**BRIEF**: Starting with the line containing "Analogové bambusové stolní" and going on through the line containing "ProSource JC-B23-PS Swivel", return the lines of the data below exactly, and only those.

**TASK INPUT**:

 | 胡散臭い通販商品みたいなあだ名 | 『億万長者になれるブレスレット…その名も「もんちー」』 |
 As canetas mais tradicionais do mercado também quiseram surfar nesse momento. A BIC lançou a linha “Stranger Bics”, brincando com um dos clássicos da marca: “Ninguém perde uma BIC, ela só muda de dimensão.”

* * *

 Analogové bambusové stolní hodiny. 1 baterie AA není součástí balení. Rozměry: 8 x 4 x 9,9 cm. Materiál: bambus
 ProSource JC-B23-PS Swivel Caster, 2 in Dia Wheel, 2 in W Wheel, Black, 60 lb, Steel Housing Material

**OUTPUT FOR THIS TASK**:
 Analogové bambusové stolní hodiny. 1 baterie AA není součástí balení. Rozměry: 8 x 4 x 9,9 cm. Materiál: bambus
 ProSource JC-B23-PS Swivel Caster, 2 in Dia Wheel, 2 in W Wheel, Black, 60 lb, Steel Housing Material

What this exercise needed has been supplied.